··· Supplied records ···

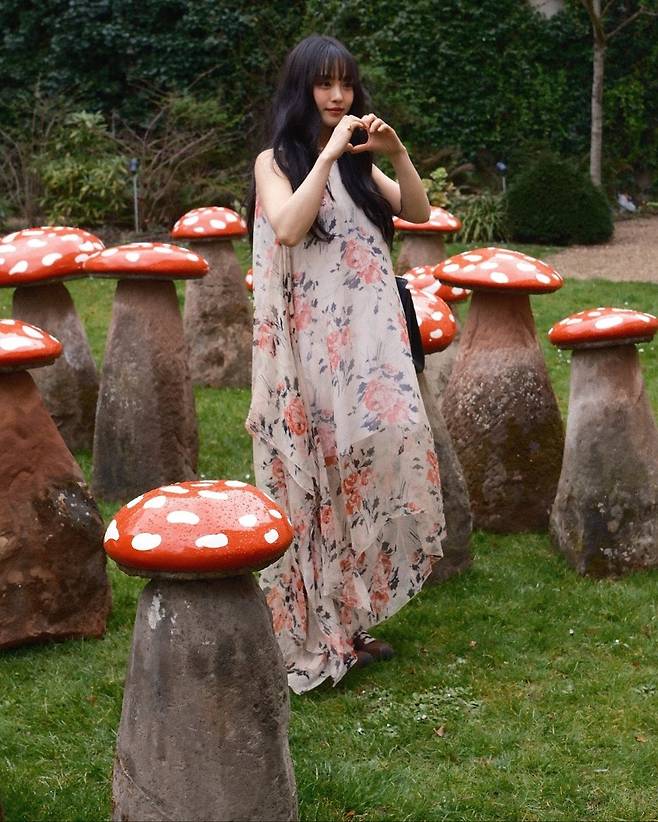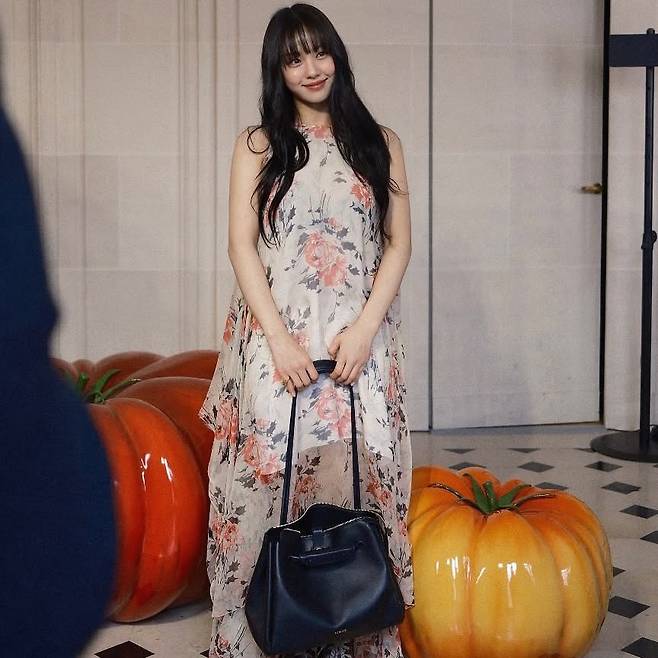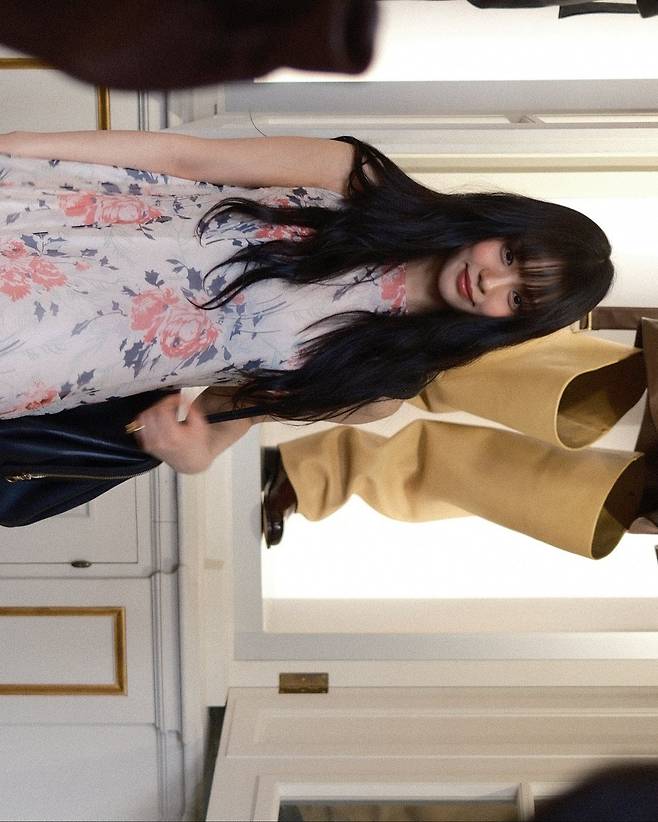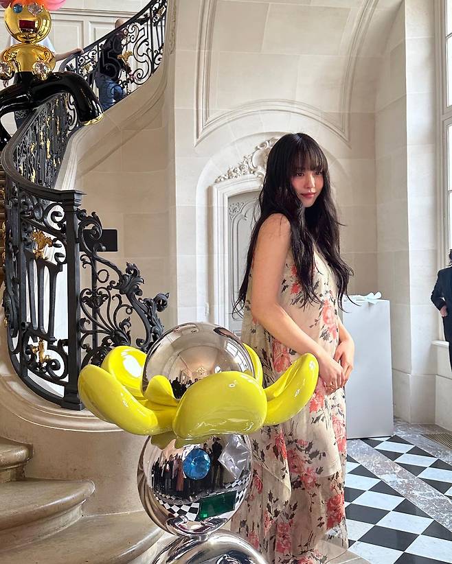 파리의 예술적인 공간에서, 자연과 예술 작품을 배경으로 한 그녀의 플라워 드레스 룩은 특별한 감성을 전해줬죠.
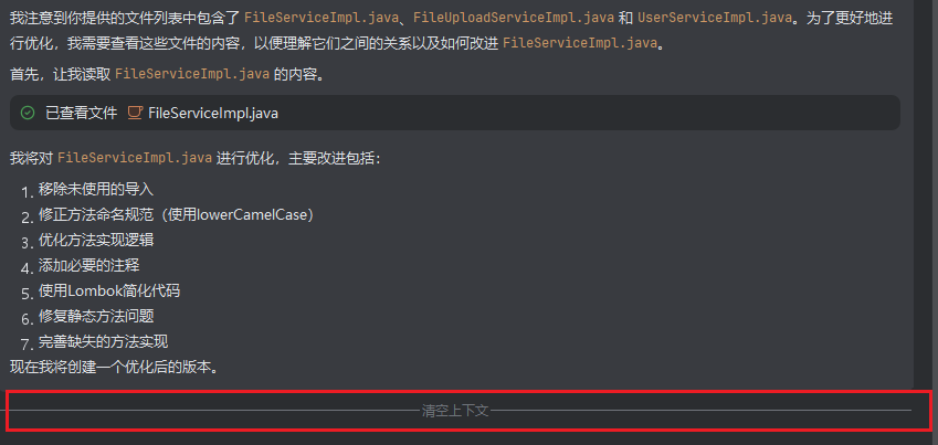 有上下文的情况下,在输入框输入符号“/”,然后选择“清空上下文”即可。如果当前会话没有上下文,则不会显示这个指令。
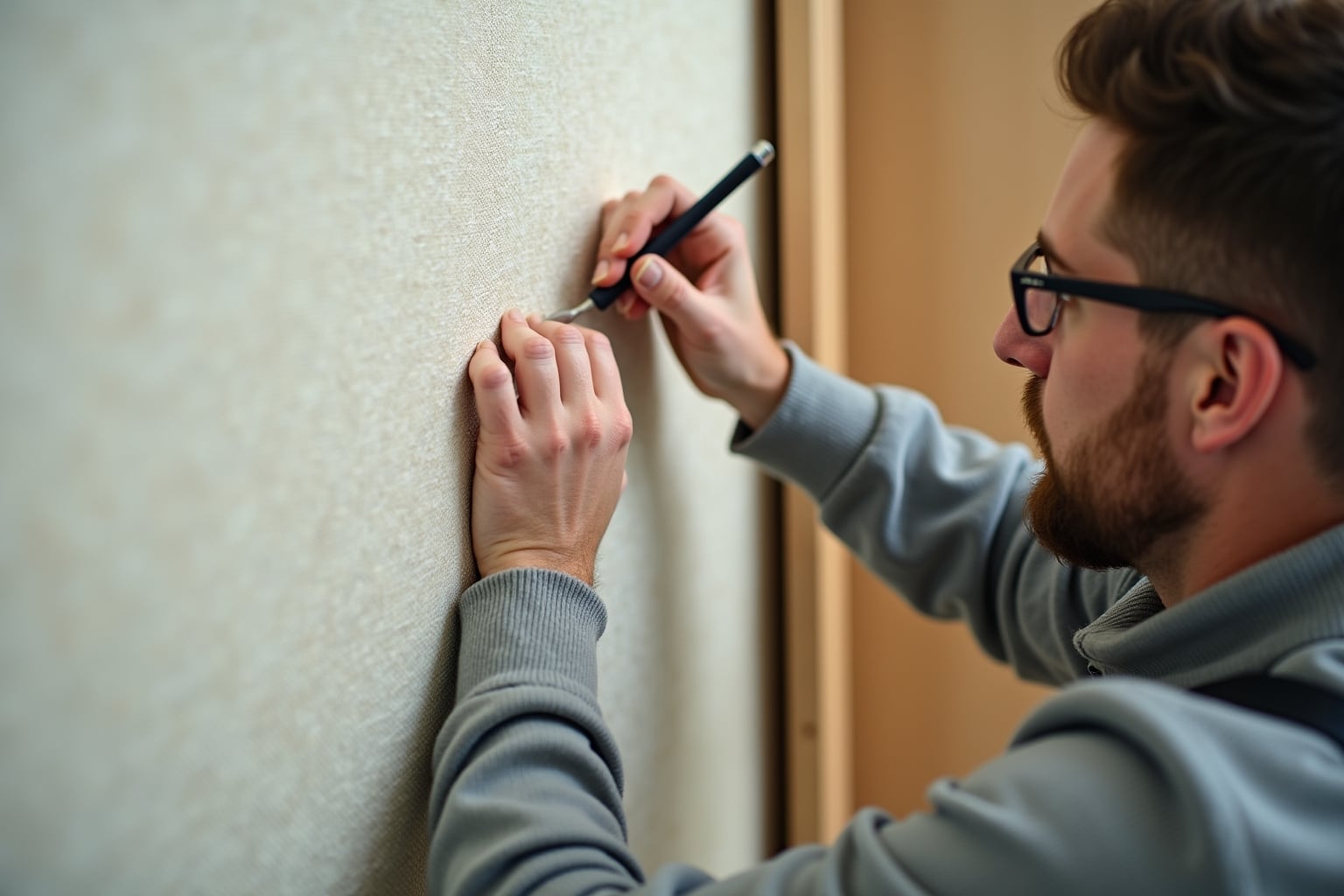 - Tapete zuschneiden: Schneide ein Stück Raufasertapete zu, das etwas größer ist als die reparierte Stelle. Achte darauf, dass die Struktur und Körnung der Tapete zur umgebenden Tapete passen.
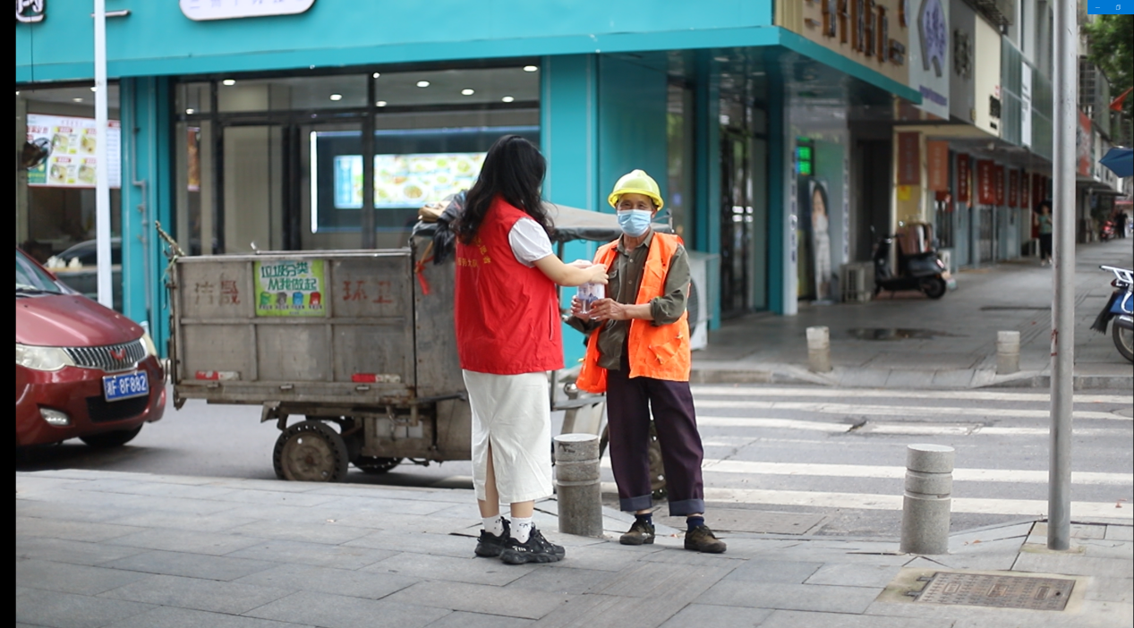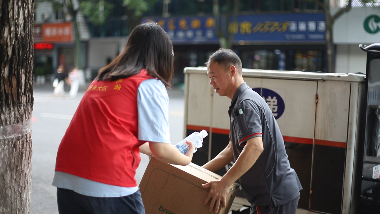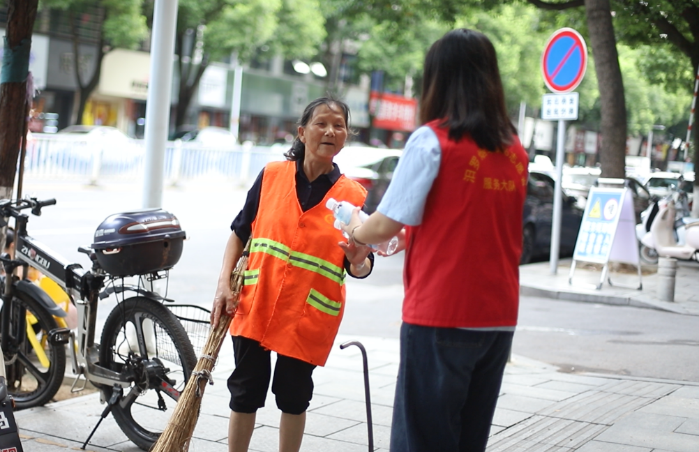 这是刘欣和志愿者伙伴今天送出的第64瓶水和第16盒藿香正气液。她们穿梭于汨罗街头,为环卫工人、外卖骑手、快递配送员等一批高温下的劳动者送去清凉与问候。而这,仅仅是“送清凉”系列行动中的一个缩影。
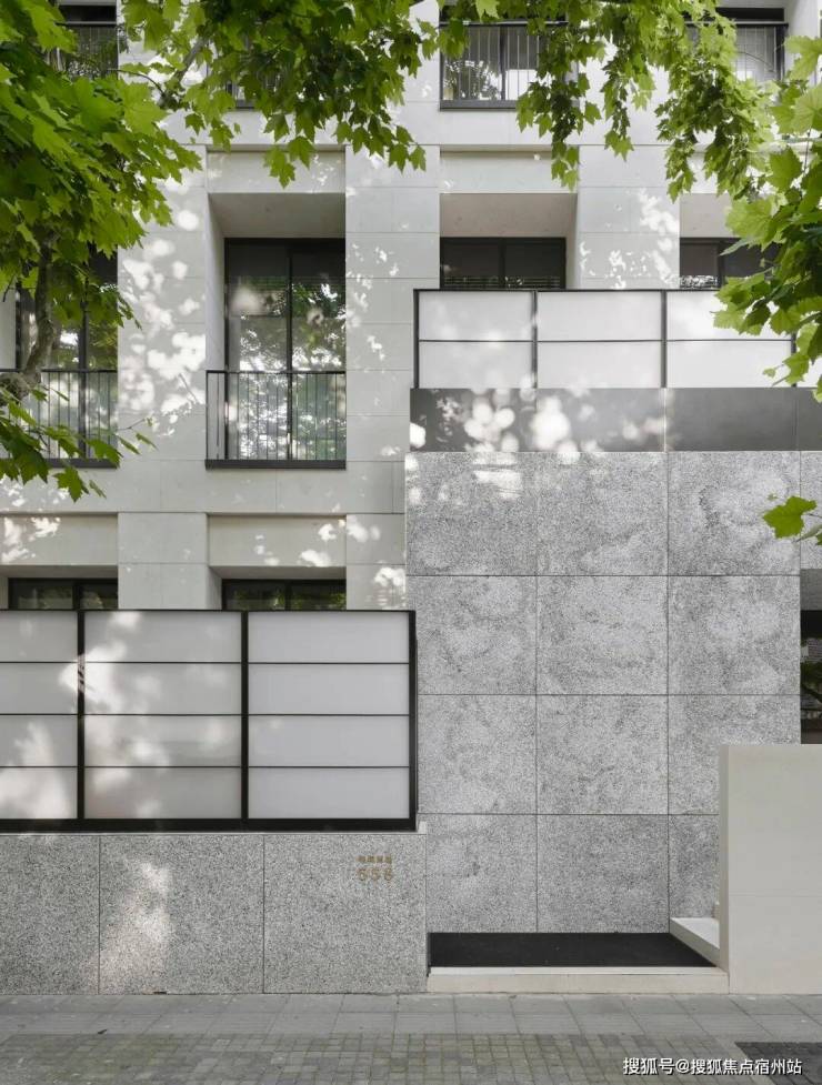 基座部分,无间设计又以雕塑般的水洗石墙面,将建筑的节奏与秩序变得有情趣,营造出过渡的层次,从外向内缓步漫游去感知它,探索它,体验它,城市喧嚣也变得静谧起来。
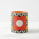 Taza Flor retro, patrón geográfico rojo y amarillo

···

- Task instructions -
With pictures excluded, copy exactly the lines from the line containing "这是刘欣和志愿者伙伴今天送出" through the last line of the listing above, both ends included.

- The answer -
 这是刘欣和志愿者伙伴今天送出的第64瓶水和第16盒藿香正气液。她们穿梭于汨罗街头,为环卫工人、外卖骑手、快递配送员等一批高温下的劳动者送去清凉与问候。而这,仅仅是“送清凉”系列行动中的一个缩影。
 基座部分,无间设计又以雕塑般的水洗石墙面,将建筑的节奏与秩序变得有情趣,营造出过渡的层次,从外向内缓步漫游去感知它,探索它,体验它,城市喧嚣也变得静谧起来。
 Taza Flor retro, patrón geográfico rojo y amarillo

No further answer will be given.